A mera confusão que o leitor faz entre a reconstituição dos fatos e a investigação de supostas “causas” já basta para mostrar que ele ignora tudo da ciência histórica exceto o que possa ter colhido em livros de ginásio ou em filmes de TV.

Uma coisa é reconstituir, pelos documentos, a seqüência lógica das decisões e ações de um dos protagonistas do drama, outra coisa totalmente diversa é especular as “causas” determinantes do processo como um todo. A primeira dessas operações é História, em sentido estrito, a segunda é uma aventura interpretativa que só de vez em quando tem algo a ver com ciência histórica.
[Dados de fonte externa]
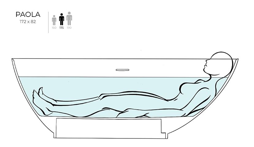 Ванна PAOLA – выбор настоящего гедониста. Нестандартный внешний вид ванны обусловлен её асимметрией — обе стороны достаточно разные, что позволяет расположиться как лёжа, так и сидя, при этом ощущая себя максимально комфортно.

Se na reconstituição descobrimos que um dos agentes envolvidos teve, de antemão, uma visão clara do curso possível dos eventos, orientou suas decisões a cada passo segundo um diagnóstico objetivo da situação e chegou a resultados aproximativamente idênticos aos que planejava, dizemos que foi o “criador” desses resultados, mas não a “causa” deles, de vez que nenhuma criação humana, seja na política, na arte ou em qualquer outro campo de atividade, pode se produzir ex nihilo, mas tem de tomar como matéria-prima e ocasião certos processos causais preexistentes que o próprio agente não poderia ter criado. Se essa distinção, em si mesma clara e inequívoca, ainda parece obscura ao meu interlocutor, um paralelo com a arte eliminará suas dificuldades: Wolfgang Amadeus Mozart foi o “criador” da “Flauta Mágica”, mas não foi a “causa” de que numa certa época e num certo país, em tais ou quais circunstâncias, um indivíduo de nome Wolfgang Amadeus Mozart viesse a criar precisamente uma ópera denominada “Flauta Mágica” e não outra coisa, ou mesmo coisa nenhuma. A criação pode ser documentada, reconstituída em suas fases, compreendida na sua lógica interna e articulada com  outras criações do mesmo autor, tudo isso independentemente e antes de qualquer especulação de “causas”, que teria de remontar a etapas bem anteriores e levar em conta um quadro de referências praticamente ilimitado, perdendo em precisão o que ganhasse em amplitude especulativa. O próprio Mozart teria, decerto, muito mais facilidade para recordar a seqüência de etapas percorridas na composição da ópera do que em explicar “por que”, afinal, a criou, exceto se como “causa” se entendesse a mera intenção subjetiva do personagem. O “por que” as coisas aconteceram, na maior parte dos casos, só Deus sabe. O historiador contenta-se, quase sempre, com o “como”, e não se aventura a conjeturar os porquês antes de certificar-se de que todas as seqüências de ações dos vários protagonistas são bem conhecidas, não só isoladamente mas na sua mútua articulação temporal.

A simples revelação de documentos inéditos que alteram o conhecimento de uma das seqüências já basta, por si, para colocar entre parênteses, até novo exame, todas as hipóteses causais conhecidas, e alegar uma destas contra a autoridade dos documentos é, para falar o português claro, coisa de ignorante.